** Working data follows **

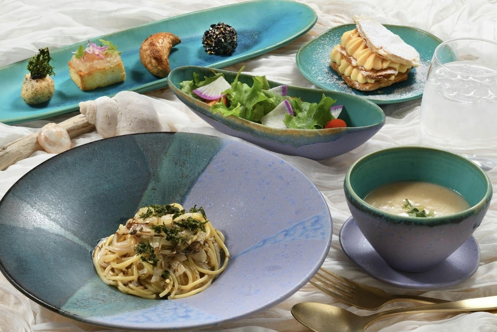 RISE BEACHのレストランで提供させていただくお食事は、漁師まちならではの新鮮な魚介類をはじめ、シェフ厳選の自然栽培による地域の食材を使用したお料理が並びます。
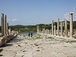 Przylegające do 18-kilometrowej plaży ruiny miasta zajmują obecnie znaczny obszar wśród wydm i pól[9]. Wśród dobrze zachowanych zabytków z czasów rzymskich wyróżnia się teatr, zbudowany za panowania Antoninusa Piusa, i łuk triumfalny Mettiusa Modestusa (zarządcy Licji i Pamfilii) z 100 n.e. oraz termy, które zgodnie z umieszczoną w nich inskrypcją, zostały wybudowane przez Wespazjana[2].
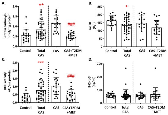 Markers of oxidative damage in CAS patients with and without T2DM: (A) Protein carbonyls, (B) oxidized LDL (oxLDL), (C) xanthine oxidase (XOD) activity, and (D) 8-hydroxy-2’-deoxyguanosine (8-OHdG) are represented as the mean ± SD. All of the graphs show the comparison between control subjects and total CAS patients (including CAS with T2DM and metformin treatment), and that between the CAS patients with and without T2DM, separated by a discontinuous line; * p < 0.05, ** p < 0.01, *** p < 0.001 control subjects vs. total CAS; ### p < 0.001 CAS vs. CAS + T2DM + MET.
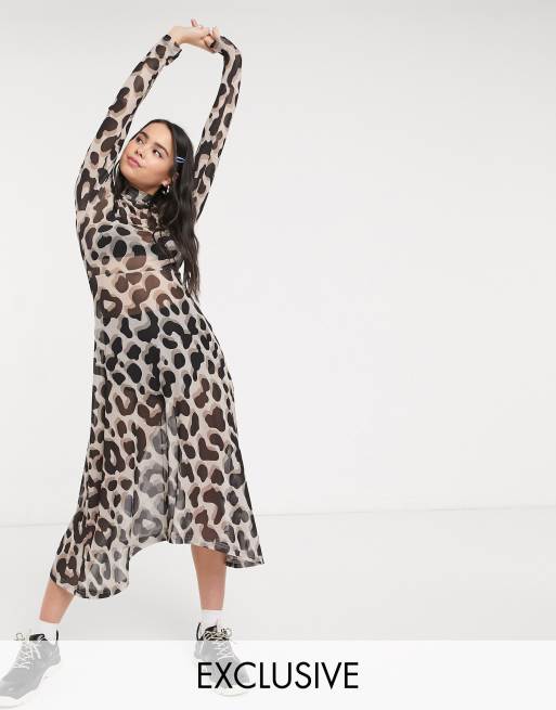 Monki – Cecilia – Leopardmönstrad midiklänning i mesh med hög krage
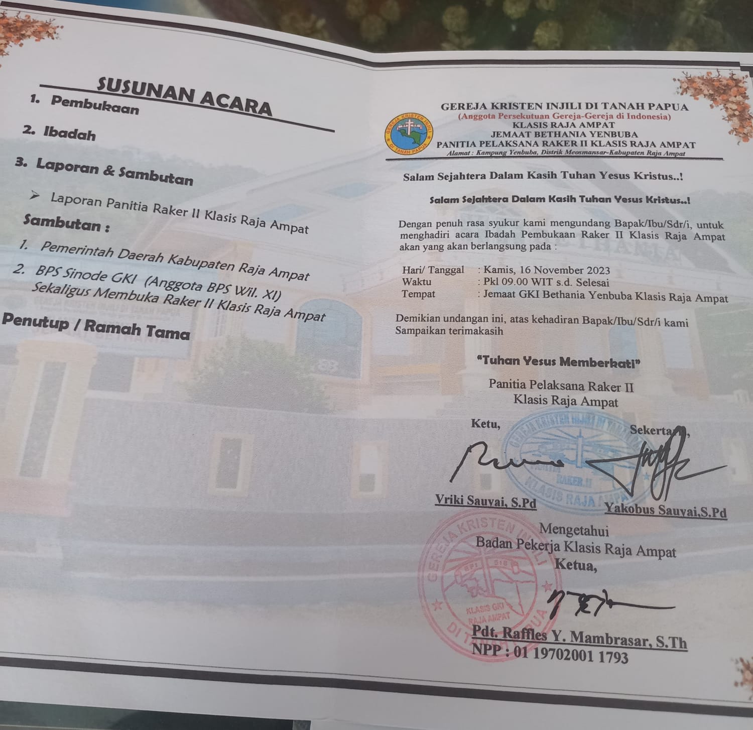 1 Pembukaan Raker II Klasis Raja Ampat 09:00 GKI Bethania Yenbuba Bupati, Wakil Bupati, Sekretaris Daerah - Panitia Penyelenggara -
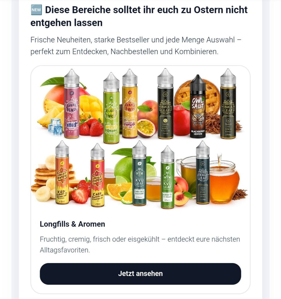 Ostern ist da – und damit eure Chance, euch eure Favoriten und spannende Neuheiten zu besonders starken Konditionen zu sichern. Egal ob ihr auf der Suche nach frischen Longfills, kräftigen Nikotinsalz-Liquids, zuverlässigen Pod-Systemen oder einem neuen Starterset seid:
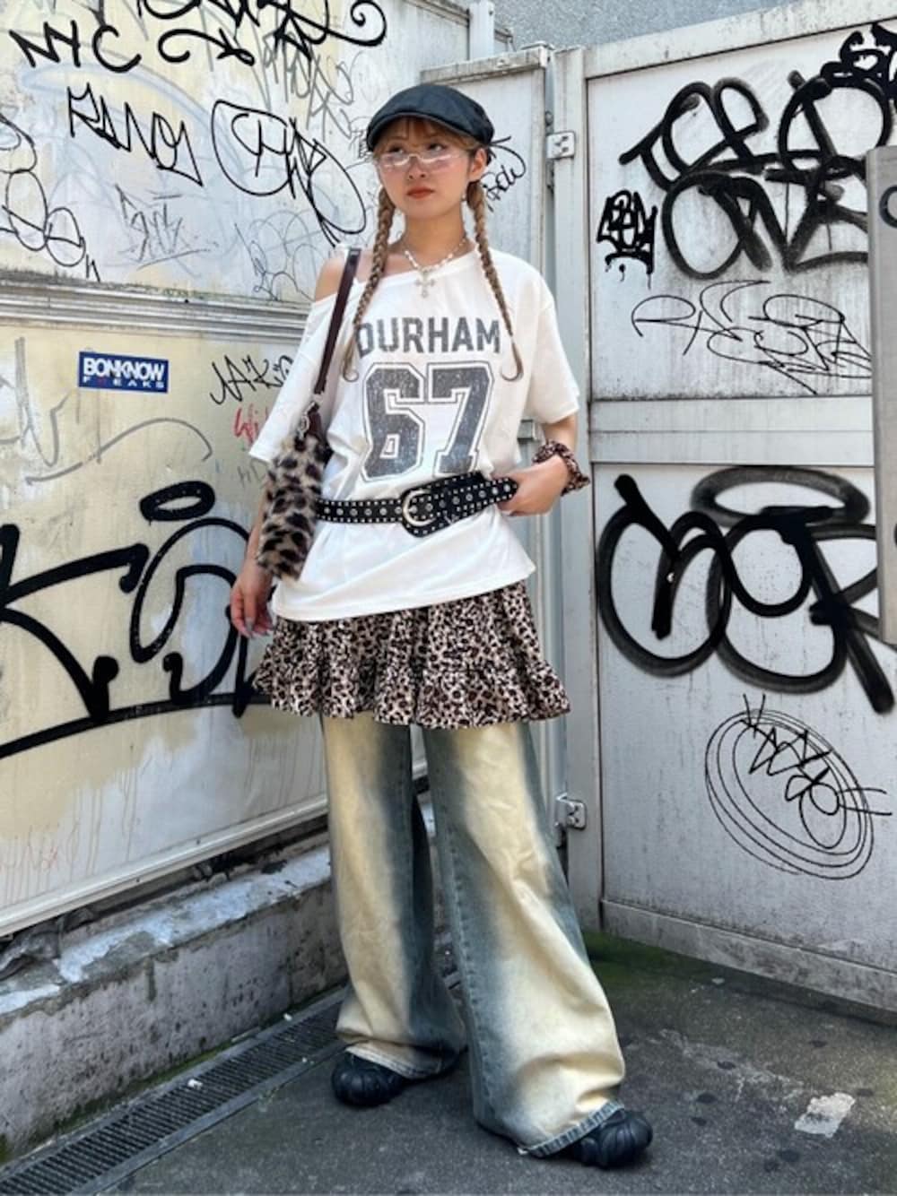 WEGO(WEGO STAFF)のTシャツ/カットソー「WEGO/2WAYグラフィックワンショルBIGT」を使ったコーディネート
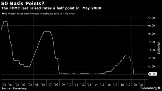 如果需要采取“令人震骇”的方式来应对持续高企的通胀风险,美联储主席杰罗姆·鲍威尔可能会考虑在今年晚些时候实施二十多年来首个0.5个百分点的加息。
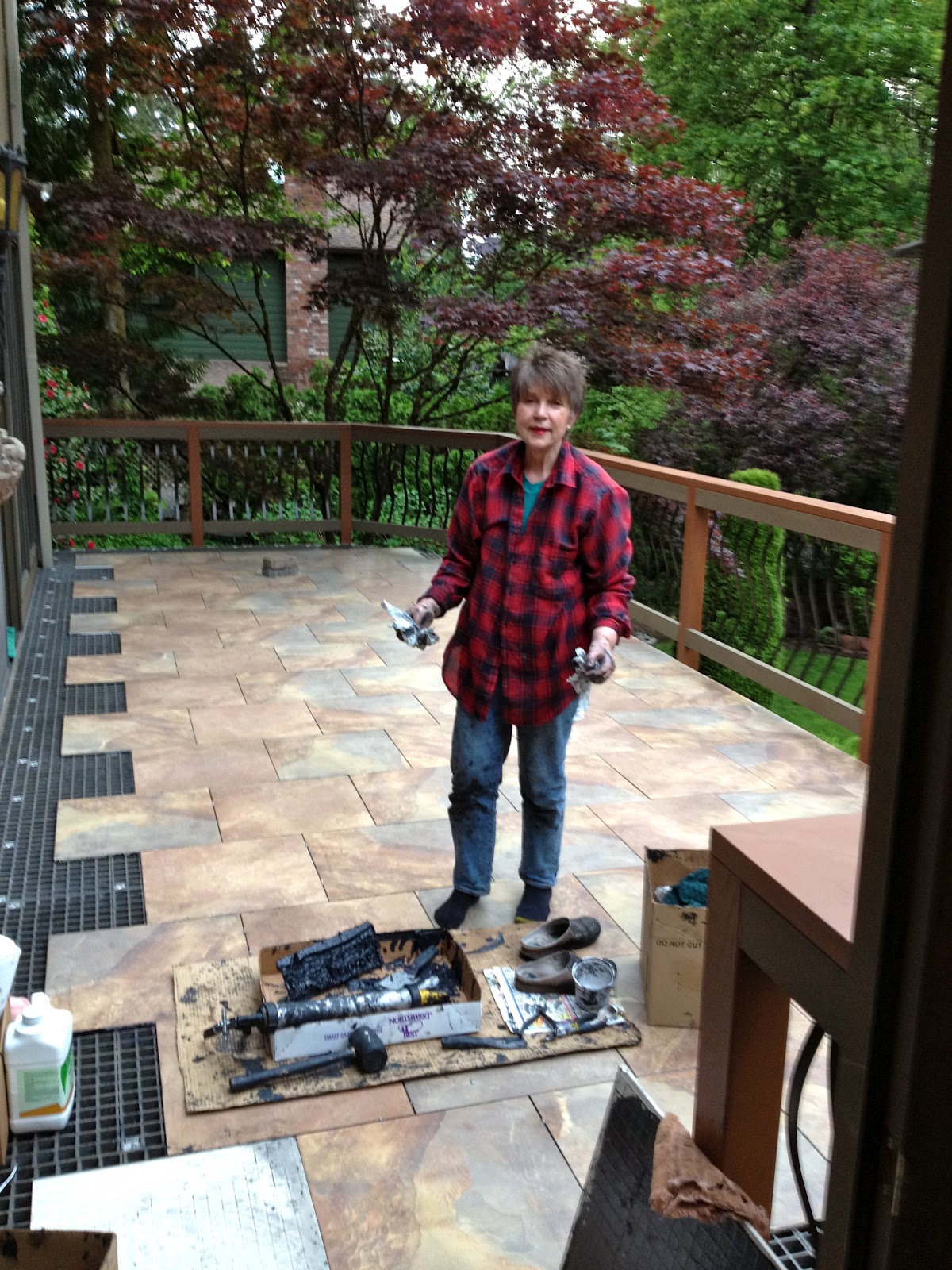 | Mom the Estate Gardener working hard to finish her latest project—a tile deck. If interested in how she did it check out: http://www.gratedex.com/ |
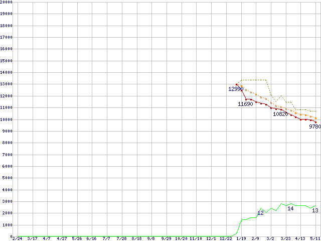 ※このグラフは過去のデータも税率5%相当に調整した税込み相当額のグラフです。 税率変更や、総額表示方式導入(2004年4月)の影響は除いています。 | | | ●凡例 | 最安値 (点線部は販売店未確認 または未調査) | 平均値 | 最高値 | ショップ数 |
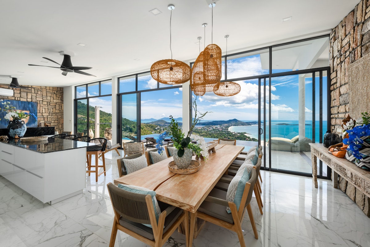 Chaweng tepelerinde 180° deniz manzaralı, 620 m² özel lüks villa → Günlük kahvaltı ve temizlik → 25 m yüksekliğinde sonsuzluk havuzu. → Spor salonu, bilardo, dart ve masa tenisi 7/24 tesisteki personelle→ konukseverlik (İngilizce, Tayca) → Beton yumurta kabuklu küvet → Her yatak odasında özel banyo Netflix'li→ yüksek hızlı internet ve kablosuz → internet bağlantısı, akıllı TV. → Bose ses sistemi → Ücretsiz kahve ve içme suyu → Su ve elektrik dahildir Plajlara arabayla→ 10 m. İstek üzerine→ daha fazla hizmet sunulur
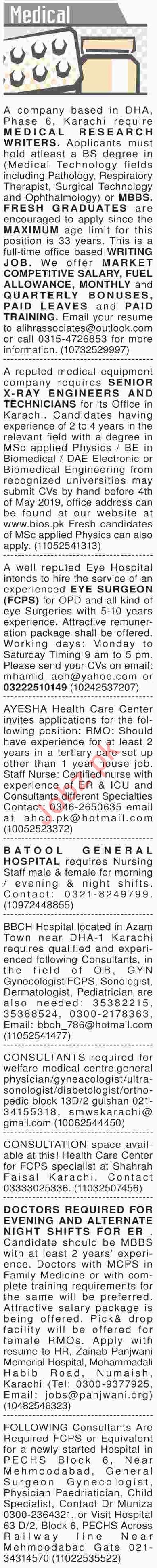 Skin Specialist, Medical Specialist, ENT Specialist, Eye Specialist, Child Specialist, Medical Officer, Radiologist, Nurse, LHV, Doctor, Lady Doctor, Pharmacist, Midwives, Gynecologist, Receptionist, Dispenser, Resident Medical Officer, Pathologist, General Manager, Admin Assistant, Executive Officer, Manager Housekeeping, Assistant Chemist, ICU Technician, CT Scan Technician seeks in well reputed companies.
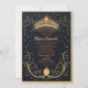 Este Convite de festas Quinceañera tem belos detalhes de ouro nas esquinas com uma bela coroa artística no centro. As cores são marinho e ouro. E muito espaço para preencher todos os detalhes maravilhosos para uma gloriosa festa de margarida.
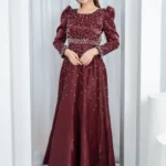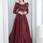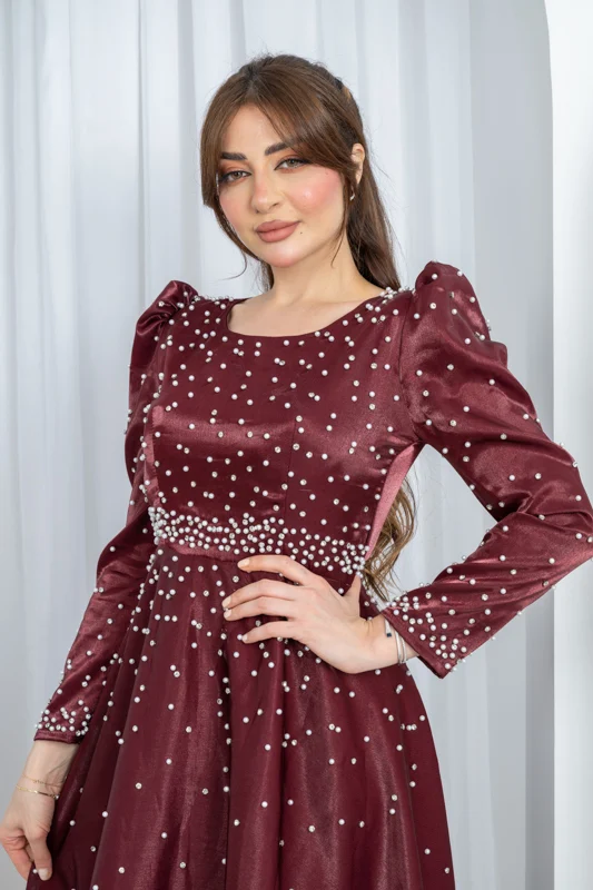 فستان “بريق القمر”: إطلالة راقية بسحر اللؤلؤ والتفته اللامع 🌙✨
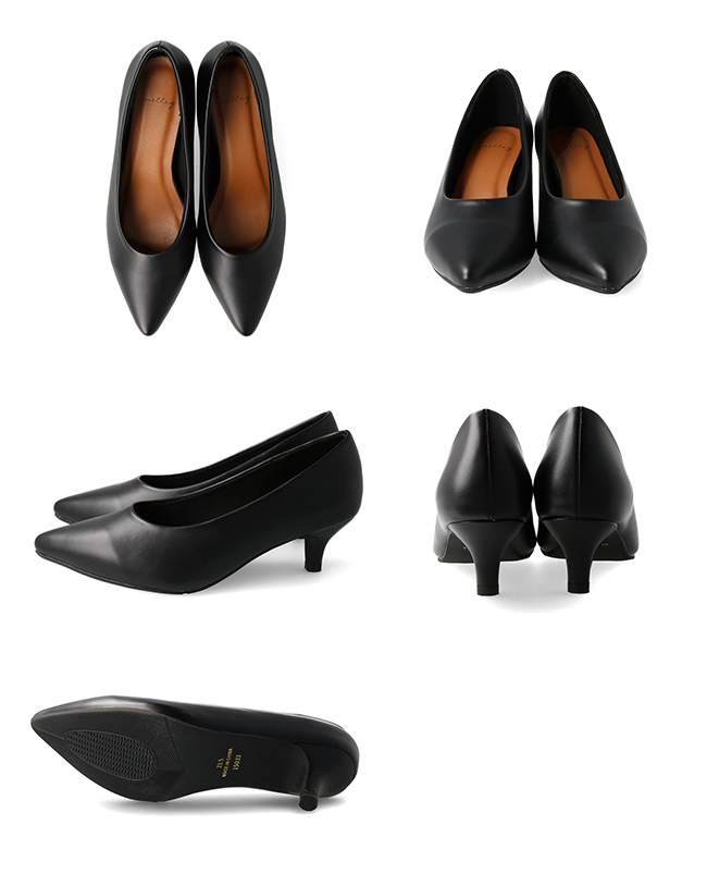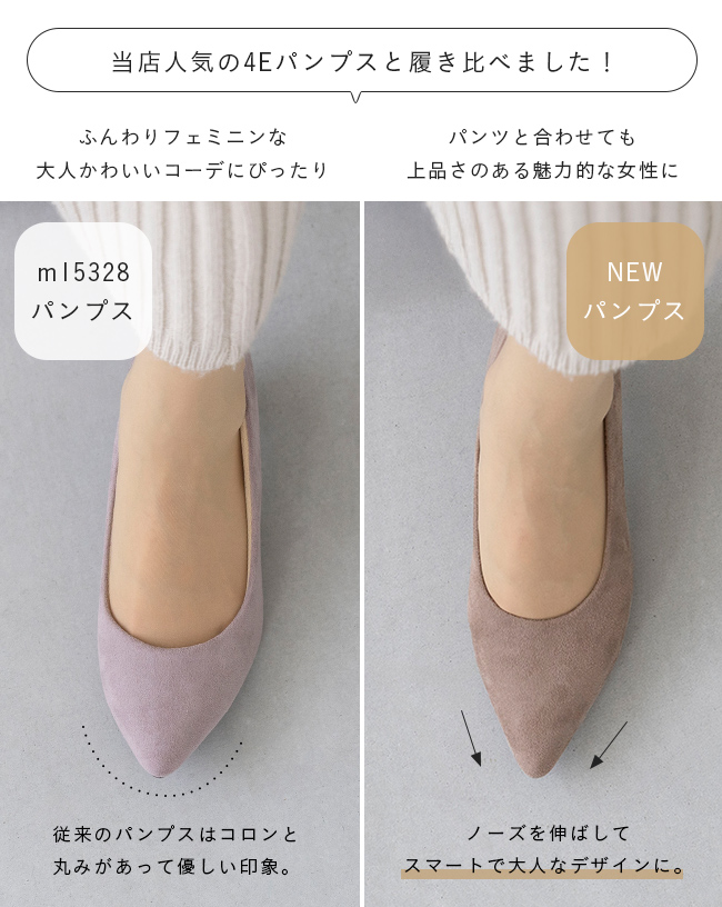 お客さまからご好評いただいている、従来の幅広さん向けパンプス(m15328)はコロンと丸く優しい印象。
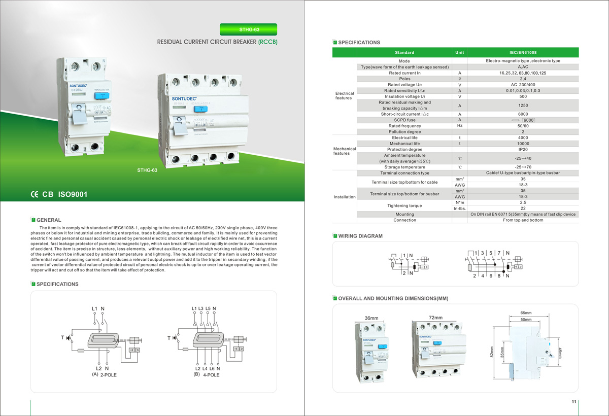 SONTUOEC es uno de los proveedores/fabricantes chinos que se especializa en la producción de varios pequeños electrodomésticos. ST264J se utiliza en AC50 / 60 HZ, dos polos 230 V, cuatro polos 400 V, corriente nominal de hasta 63 A. Puede cortar automática e inmediatamente el suministro de energía una vez que alguien sufre una descarga eléctrica o una fuga de corriente por encima de lo especificado. Puede proteger eficazmente la seguridad personal y evitar daños al equipo. El disyuntor operado por corriente residual también puede funcionar como protección contra sobrecargas y cortocircuitos y cambios poco frecuentes de línea en condiciones normales. El producto es adecuado para industria, negocios, construcción, residencia, etc. Cumple con los estándares IEC61008-1.
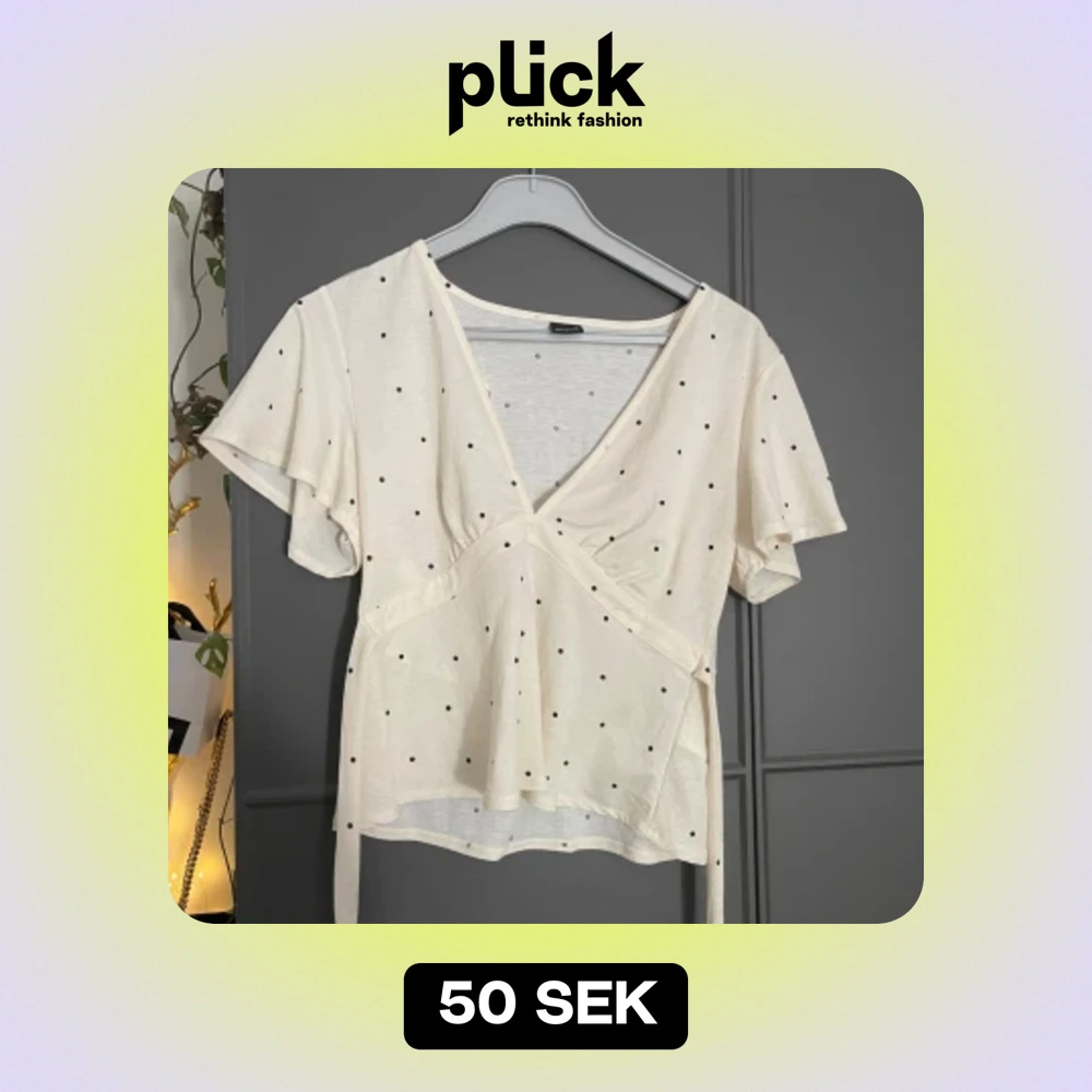 Svart prickig bikiniöverdel med volang - Säljer en svart bikiniöverdel med vita prickar och dekorativ vit volang längs kanterna. Modellen har knyt både i nacken och ryggen för justerbar passform. Perfekt för strandhäng och poolparty! OBS NOTERA ATT JAG SÄLJER ENDAST BIKINIÖVERDELEN.

** End of Working data **

## Exercise prompt
Down to the last line, set down the data above exactly, and omit all images.

## Answer
 RISE BEACHのレストランで提供させていただくお食事は、漁師まちならではの新鮮な魚介類をはじめ、シェフ厳選の自然栽培による地域の食材を使用したお料理が並びます。
 Przylegające do 18-kilometrowej plaży ruiny miasta zajmują obecnie znaczny obszar wśród wydm i pól[9]. Wśród dobrze zachowanych zabytków z czasów rzymskich wyróżnia się teatr, zbudowany za panowania Antoninusa Piusa, i łuk triumfalny Mettiusa Modestusa (zarządcy Licji i Pamfilii) z 100 n.e. oraz termy, które zgodnie z umieszczoną w nich inskrypcją, zostały wybudowane przez Wespazjana[2].
 Markers of oxidative damage in CAS patients with and without T2DM: (A) Protein carbonyls, (B) oxidized LDL (oxLDL), (C) xanthine oxidase (XOD) activity, and (D) 8-hydroxy-2’-deoxyguanosine (8-OHdG) are represented as the mean ± SD. All of the graphs show the comparison between control subjects and total CAS patients (including CAS with T2DM and metformin treatment), and that between the CAS patients with and without T2DM, separated by a discontinuous line; * p < 0.05, ** p < 0.01, *** p < 0.001 control subjects vs. total CAS; ### p < 0.001 CAS vs. CAS + T2DM + MET.
 Monki – Cecilia – Leopardmönstrad midiklänning i mesh med hög krage
 1 Pembukaan Raker II Klasis Raja Ampat 09:00 GKI Bethania Yenbuba Bupati, Wakil Bupati, Sekretaris Daerah - Panitia Penyelenggara -
 Ostern ist da – und damit eure Chance, euch eure Favoriten und spannende Neuheiten zu besonders starken Konditionen zu sichern. Egal ob ihr auf der Suche nach frischen Longfills, kräftigen Nikotinsalz-Liquids, zuverlässigen Pod-Systemen oder einem neuen Starterset seid:
 WEGO(WEGO STAFF)のTシャツ/カットソー「WEGO/2WAYグラフィックワンショルBIGT」を使ったコーディネート
 如果需要采取“令人震骇”的方式来应对持续高企的通胀风险,美联储主席杰罗姆·鲍威尔可能会考虑在今年晚些时候实施二十多年来首个0.5个百分点的加息。
 | Mom the Estate Gardener working hard to finish her latest project—a tile deck. If interested in how she did it check out: http://www.gratedex.com/ |
 ※このグラフは過去のデータも税率5%相当に調整した税込み相当額のグラフです。 税率変更や、総額表示方式導入(2004年4月)の影響は除いています。 | | | ●凡例 | 最安値 (点線部は販売店未確認 または未調査) | 平均値 | 最高値 | ショップ数 |
 Chaweng tepelerinde 180° deniz manzaralı, 620 m² özel lüks villa → Günlük kahvaltı ve temizlik → 25 m yüksekliğinde sonsuzluk havuzu. → Spor salonu, bilardo, dart ve masa tenisi 7/24 tesisteki personelle→ konukseverlik (İngilizce, Tayca) → Beton yumurta kabuklu küvet → Her yatak odasında özel banyo Netflix'li→ yüksek hızlı internet ve kablosuz → internet bağlantısı, akıllı TV. → Bose ses sistemi → Ücretsiz kahve ve içme suyu → Su ve elektrik dahildir Plajlara arabayla→ 10 m. İstek üzerine→ daha fazla hizmet sunulur
 Skin Specialist, Medical Specialist, ENT Specialist, Eye Specialist, Child Specialist, Medical Officer, Radiologist, Nurse, LHV, Doctor, Lady Doctor, Pharmacist, Midwives, Gynecologist, Receptionist, Dispenser, Resident Medical Officer, Pathologist, General Manager, Admin Assistant, Executive Officer, Manager Housekeeping, Assistant Chemist, ICU Technician, CT Scan Technician seeks in well reputed companies.
 Este Convite de festas Quinceañera tem belos detalhes de ouro nas esquinas com uma bela coroa artística no centro. As cores são marinho e ouro. E muito espaço para preencher todos os detalhes maravilhosos para uma gloriosa festa de margarida.
 فستان “بريق القمر”: إطلالة راقية بسحر اللؤلؤ والتفته اللامع 🌙✨
 お客さまからご好評いただいている、従来の幅広さん向けパンプス(m15328)はコロンと丸く優しい印象。
 SONTUOEC es uno de los proveedores/fabricantes chinos que se especializa en la producción de varios pequeños electrodomésticos. ST264J se utiliza en AC50 / 60 HZ, dos polos 230 V, cuatro polos 400 V, corriente nominal de hasta 63 A. Puede cortar automática e inmediatamente el suministro de energía una vez que alguien sufre una descarga eléctrica o una fuga de corriente por encima de lo especificado. Puede proteger eficazmente la seguridad personal y evitar daños al equipo. El disyuntor operado por corriente residual también puede funcionar como protección contra sobrecargas y cortocircuitos y cambios poco frecuentes de línea en condiciones normales. El producto es adecuado para industria, negocios, construcción, residencia, etc. Cumple con los estándares IEC61008-1.
 Svart prickig bikiniöverdel med volang - Säljer en svart bikiniöverdel med vita prickar och dekorativ vit volang längs kanterna. Modellen har knyt både i nacken och ryggen för justerbar passform. Perfekt för strandhäng och poolparty! OBS NOTERA ATT JAG SÄLJER ENDAST BIKINIÖVERDELEN.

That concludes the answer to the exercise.